Dans de nombreux pays, les droits à l’eau sont liés aux droits fonciers. Or les femmes possèdent moins de terres, ou en ont un contrôle limité. Cette dépendance réduit leur accès à l’eau pour l’agriculture, fragilise leurs moyens de subsistance et accentue les inégalités économiques.

Même dans les villes, l’accès à l’eau dépend souvent de la sécurité du logement et dans les quartiers informels, où les femmes sont particulièrement vulnérables, les services fiables font défaut.

Le rapport pointe également certaines approches dites « peu coûteuses » qui reposent en réalité sur du travail non rémunéré. Ce qui est présenté comme une solution économique masque en fait une externalisation des coûts supportée, une fois encore, par les femmes.

Quand le climat aggrave la charge

À ces inégalités structurelles s’ajoutent les effets du changement climatique. Sécheresses, inondations, perturbations hydrologiques : les pressions sur les ressources en eau s’intensifient, et avec elles, les inégalités.

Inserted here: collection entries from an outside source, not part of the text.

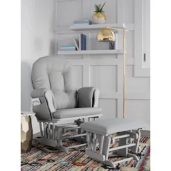 Storkcraft Hoop Glider And Ottoman – Pebble Gray Frame/Light Gray Fabric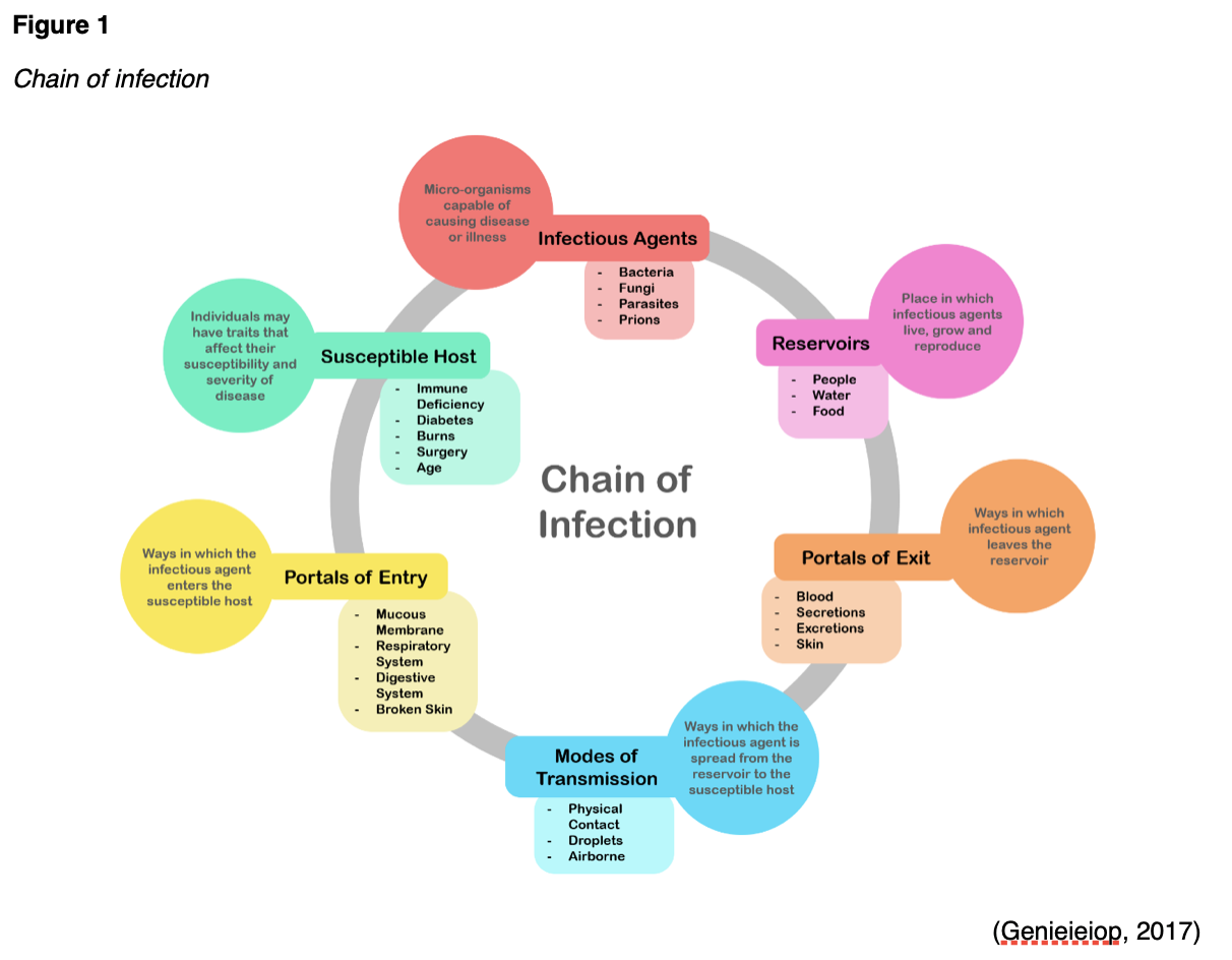 Genieieiop. (2017). 6 factors that influence the infectious agent in infecting a human body. [Image]. https://commons.wikimedia.org/wiki/File:Chain_of_Infection.png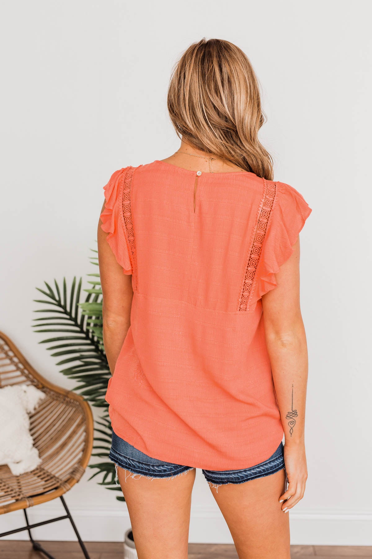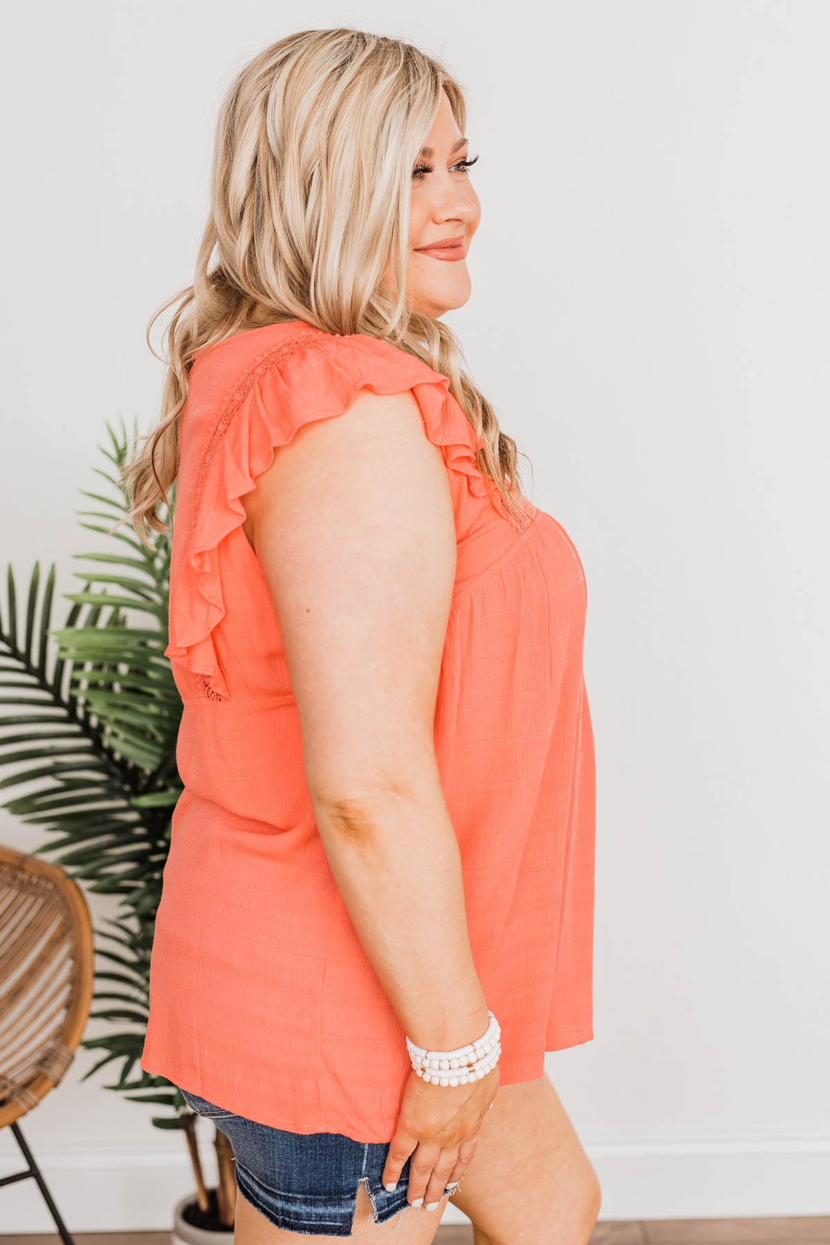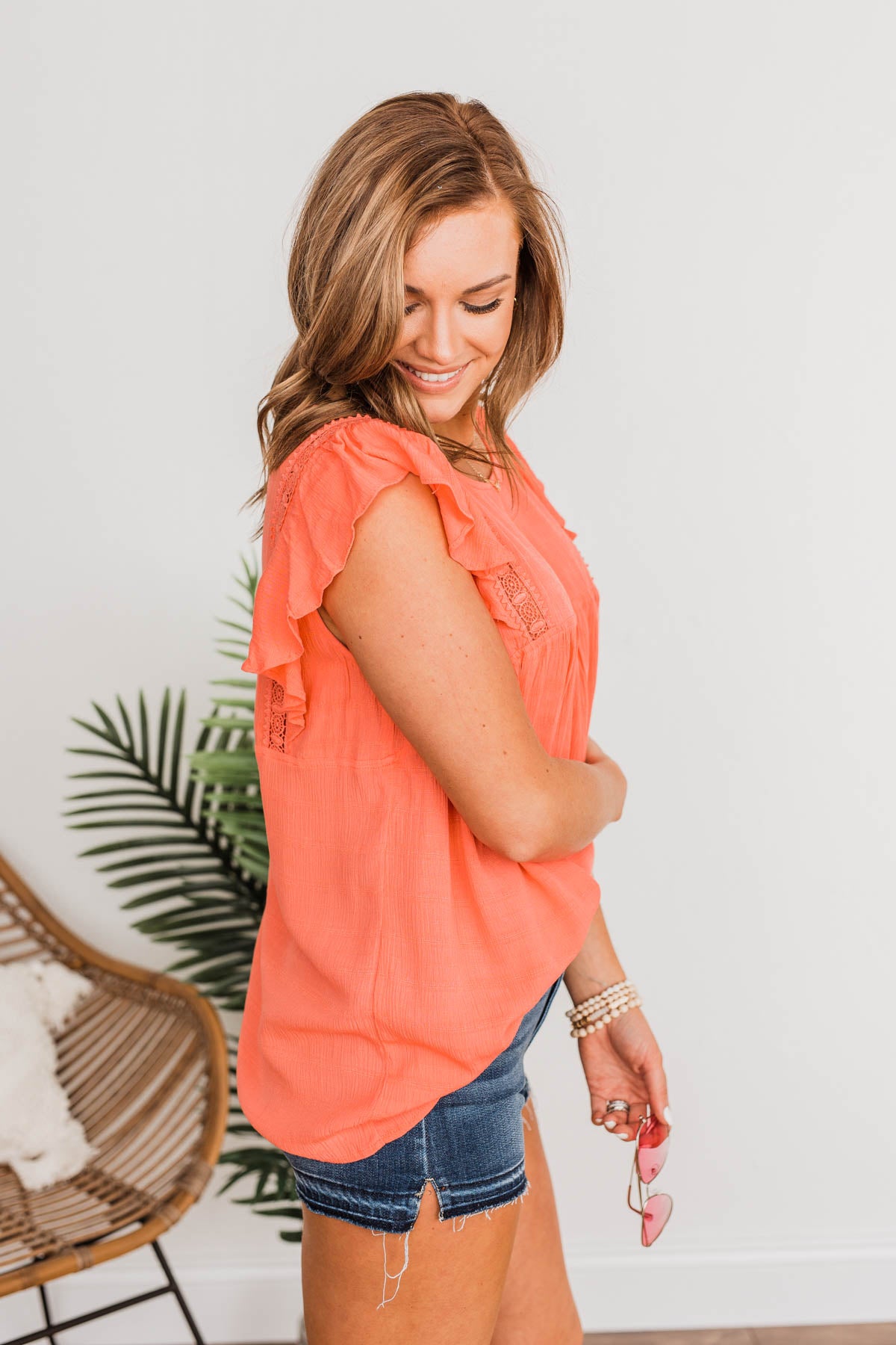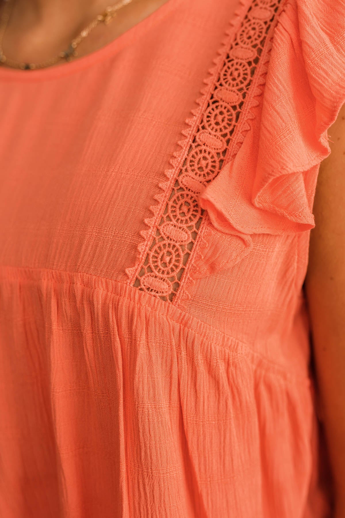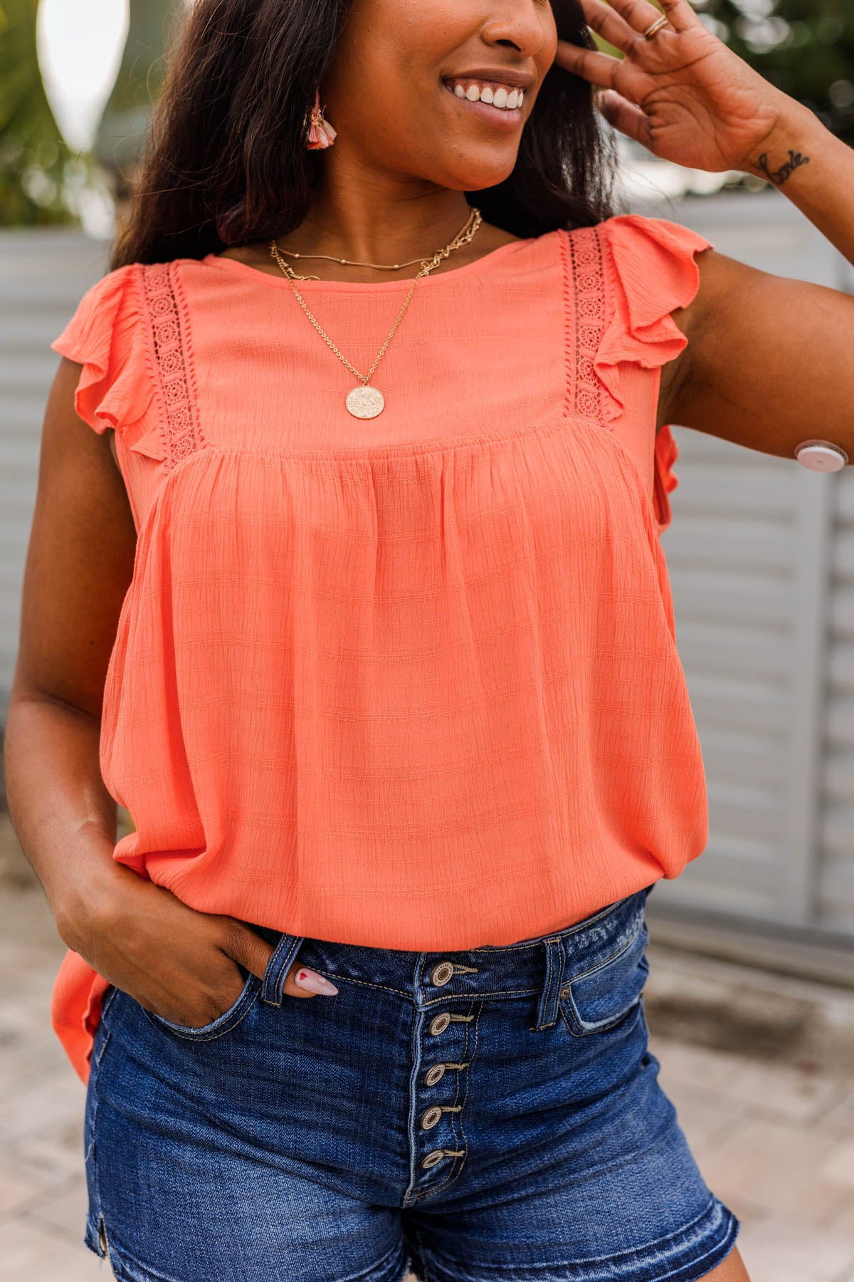 Escape the ordinary, everyday outfits with this colorful sleeveless blouse! You’ll feel cute from head to toe with features like the crochet details, ruffle trim along the sleeve seams, and relaxed body style that looks great paired with any denim you desire!

Le rapport est explicite : le genre est un facteur déterminant de vulnérabilité climatique. Lorsque les ressources se raréfient, ce sont les femmes qui marchent plus loin, portent plus longtemps, renoncent davantage. Une hausse des températures accroît leur charge de travail, réduit leurs revenus, fragilise leur sécurité.

Pour les Nations Unies, l’enjeu dépasse largement l’accès à une ressource. Il touche à la répartition du pouvoir.« Trop souvent, celles et ceux qui portent l’eau sont les derniers consultés sur la manière d’en améliorer l’accès », a dénoncé la présidente de l’Assemblée générale des Nations Unies, Annalena Baerbock.

Le rapport appelle à des mesures concrètes : rapprocher l’eau des foyers, investir dans des données sexuées pour rendre visibles les inégalités, lever les obstacles juridiques et financiers, et surtout renforcer la participation des femmes non pas de manière symbolique, mais effective. Car les bénéfices sont documentés : là où les femmes participent aux décisions, les services sont plus équitables, plus efficaces, plus durables.